Читать книгу Sugar Addicts’ Diet - Nicki Waterman - Страница 31
Nicki’s Emotional Addiction
Оглавление‘For me, sugar is associated with wonderful thoughts and happy memories. When I used to think of it, I felt contented. And looking back on my idyllic childhood, I understand why. Food – especially sweet food – was given to me with unconditional love and care. Each week, my grandmother would bring me freshly made fudge or toffee and it’d be handed to me with a big kiss and a hug.
‘My other grandmother also baked the most wonderful cakes – apple cake, marble cake, cheesecake – and the family would all sit down to enjoy them together. I remember going to the funfair with my parents and always having pink candyfloss and pink and white nougat. But perhaps most significant was what I did every Saturday morning, without fail, with my best mate, Tania. We’d pool our pocket money which we’d be given as a reward if we’d behaved and done all our homework that week. We’d then cycle down to the corner shop to spend the lot on pick ’n’ mix. We’d put it all on the bedroom floor and spend the entire morning playing with our dolls and working our way through our stash of sweets. We were both in heaven!
‘Also, every day after school, we took it in turns to go back to each other’s homes for tea and there would always be buttered toast with jam, French fancies, jam tarts and Wagon Wheels on the menu. Sugary foods were what I ate on happy family gatherings, fun times with my best friend and as a reward for being a good girl. How could sugar be a bad thing when it had so many good associations?
‘As a result, sugar became a sure-fire way of making me feel happy. Even if things were going wrong in my life, I knew I could always get a high – however temporary – from eating sugar. It took me back to those “happy places” of my childhood. But as all sugar addicts know, this love of sugar – wherever it stems from – comes at a price.

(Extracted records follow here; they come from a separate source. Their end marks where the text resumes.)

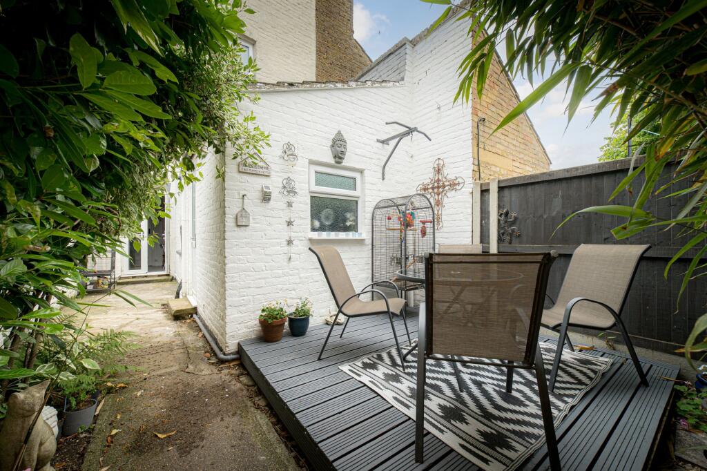 Based on the provided images, the property appears to be in good condition. The interior is well-maintained and presented, with modern fixtures and fittings in the kitchen and bathroom. The property benefits from a small, manageable garden area. There is evidence of landscaping and outdoor furniture, suggesting it is a usable space.
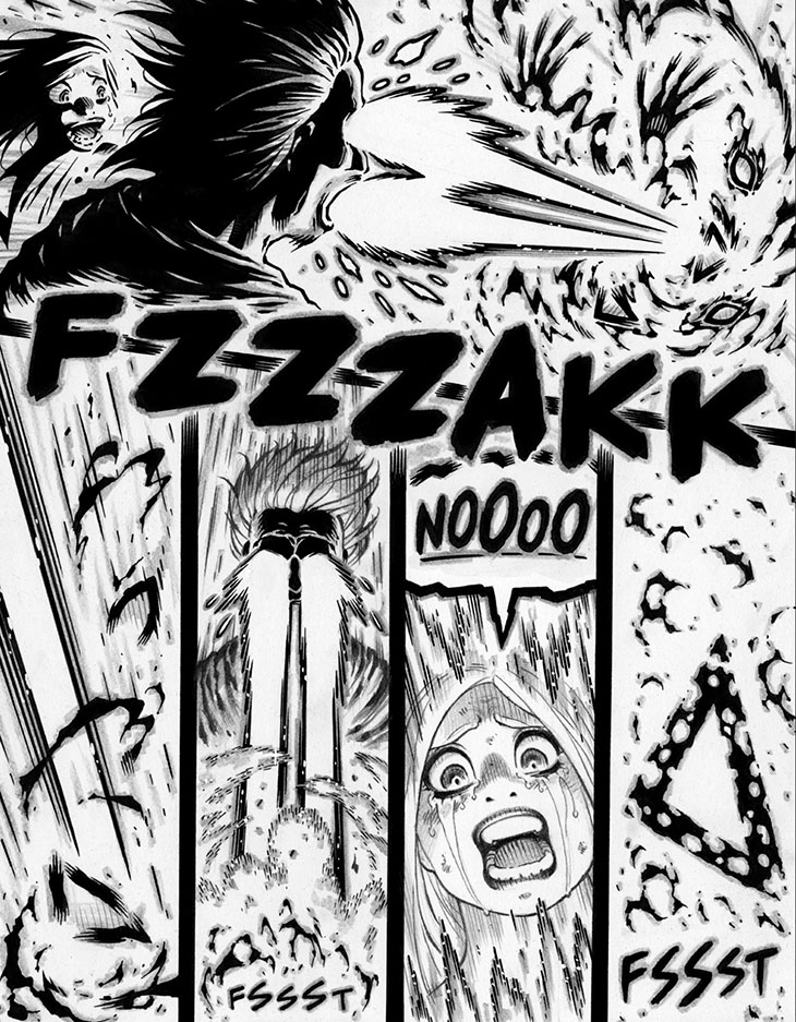 Panel 4: Ehh, probably should've extended Emp's Anakin-istic "NOOOOO" rightward to overlap into the successive shot of her supersuit vaporizing. Not a big deal, but that approach is something I would definitely consider doing nowadays.
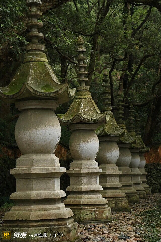 国清寺(天台寺)前巨樟临溪,寒拾亭立,丰干桥卧;松柏争而不让,横枝披叶,直上云霄。五峰胜境,万松深处;鸟宿古树,僧敲夜门;一行至此,溪水西流。
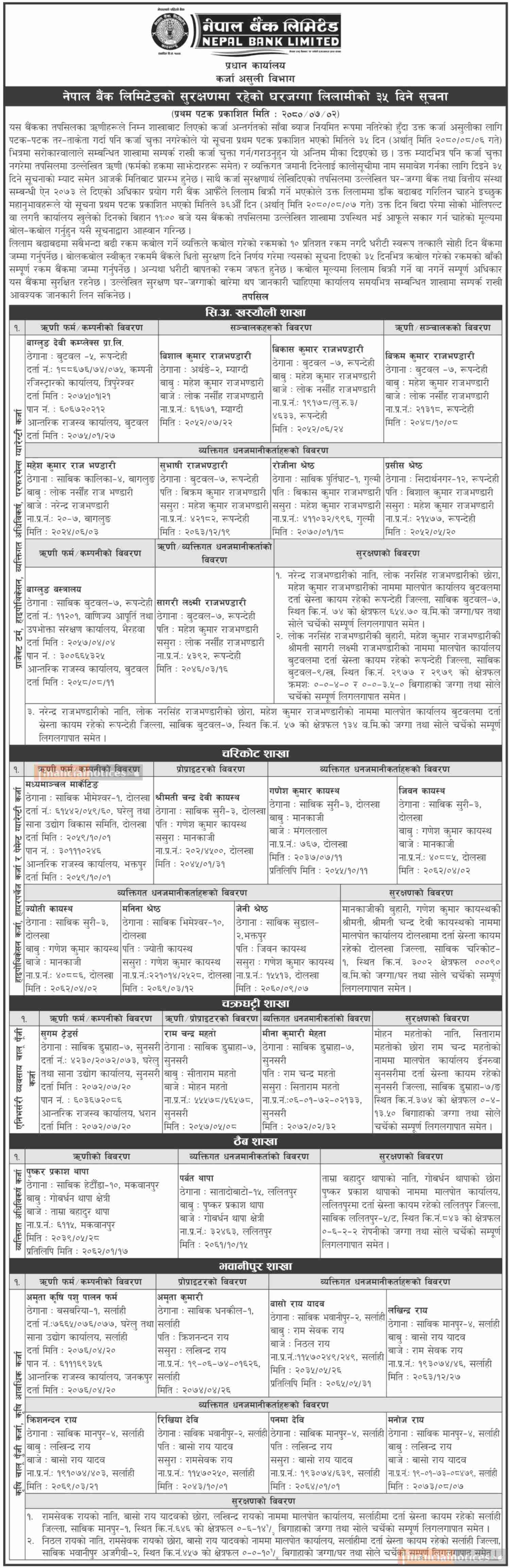 नेपाल बैंकको सुरक्षरणमा रहेको घरजग्गा लिलामीको ३५ दिने सूचना
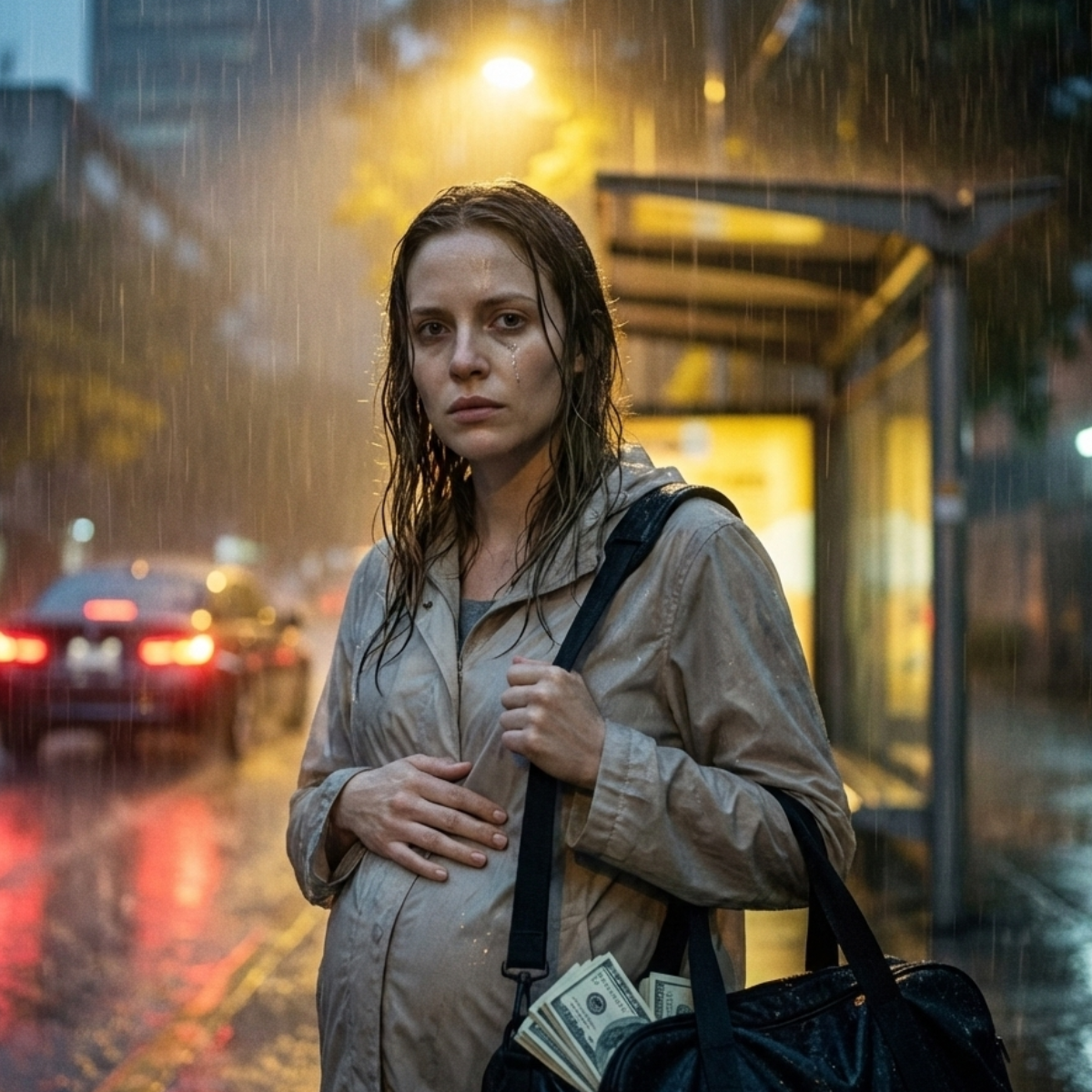 Termino sentándose bajo un parabús en la salida de la ciudad, en una avenida fría donde las luces pasaban como sombras. Emilia tiritaba, empapada, con el bebé moviéndose inquieto. Fue ahí, casi sin fuerzas, cuando vio un bulto oscuro medio escondido bajo un cartón mojado: una vieja maleta deportiva negra.

‘In many ways, my overwhelming desire to eat sweet foods felt physical – I’d experience the sugar highs and lows throughout the day as a matter of course, and would reach for sugary foods to keep me feeling balanced. But there’s no doubt in my mind that my sugar addiction had extremely strong emotional roots, too, stemming from positive childhood messages about sweet foods. I also know I have an addictive personality, which doesn’t help in my fight to do things in moderation – including cutting back on sugar. In my experience, beating sugar addiction needs a two-pronged approach. You need to work at the physical side, through nutrition and exercise, but understand when, where and why the emotional side starts kicking in, too.’